Preaching the Topical Sermon

Grant Lovejoy  |  Southwestern Journal of Theology Vol. 36 - Fall 1993

Preaching the Topical Sermon. By Ronald J. Allen. Louisville: Westminster/John Knox Press, 1992.164 pages. Paper, $11.99.  

Topical preaching too often has been thin biblically and bankrupt theologically. Ronald J. Allen has set out to correct that failing.  

Allen, who teaches at Christian Theological Seminary in Indianapolis, readily affirms that “the expository sermon is the lifeblood of weekly parish preaching” (p. 4). He argues, though, that some issues must be interpreted in light of the gospel as a whole rather than by reference to a single biblical text or texts. The Bible certainly informs the topical sermon, but no single text serves as the basis for the message.  

Allen hopes to improve topical preaching by building systematic analysis and theological rigor into his method. He prescribes an eighteen-step process that includes analyzing the issue, the hearers, the preacher’s own biases, the witness of Scripture, Christian tradition, and the like. Fortunately, the eighteen steps are not as overwhelming as one might think. They do give topical preaching the discipline it has often lacked.  

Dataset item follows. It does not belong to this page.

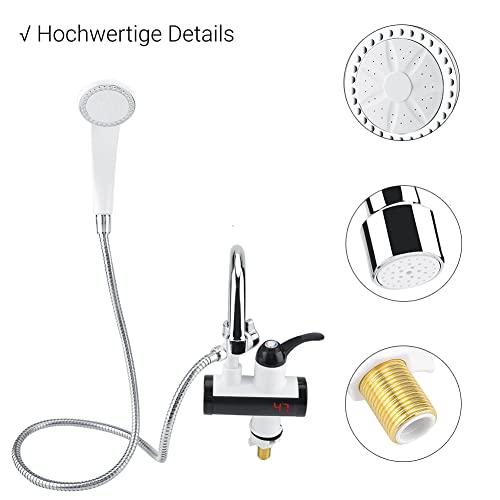 AYNEFY Rubinetto elettrico con soffione per doccia piccolo, a risparmio idrico, con indicatore di temperatura LCD, per cucina, bagno e bagno (EU 220 V)

Allen gives wise counsel about sermon structures and dealing with controversial issues. He includes five sample sermons that illustrate his approach very well, though at times their theology will likely be hard for conservative evangelicals to swallow. Allen’s own statement that “Occasionally the Bible is not the best guide [for the Christian life] and, in some few instances, the Bible is actually an unreliable guide” (p. 4) also raises immediate objections.  

Expository preaching should predominate in the life of the church. On those few occasions when a topical approach seems necessary, Allen’s methodology for preparation can provide a useful framework even for those who do not share his theology.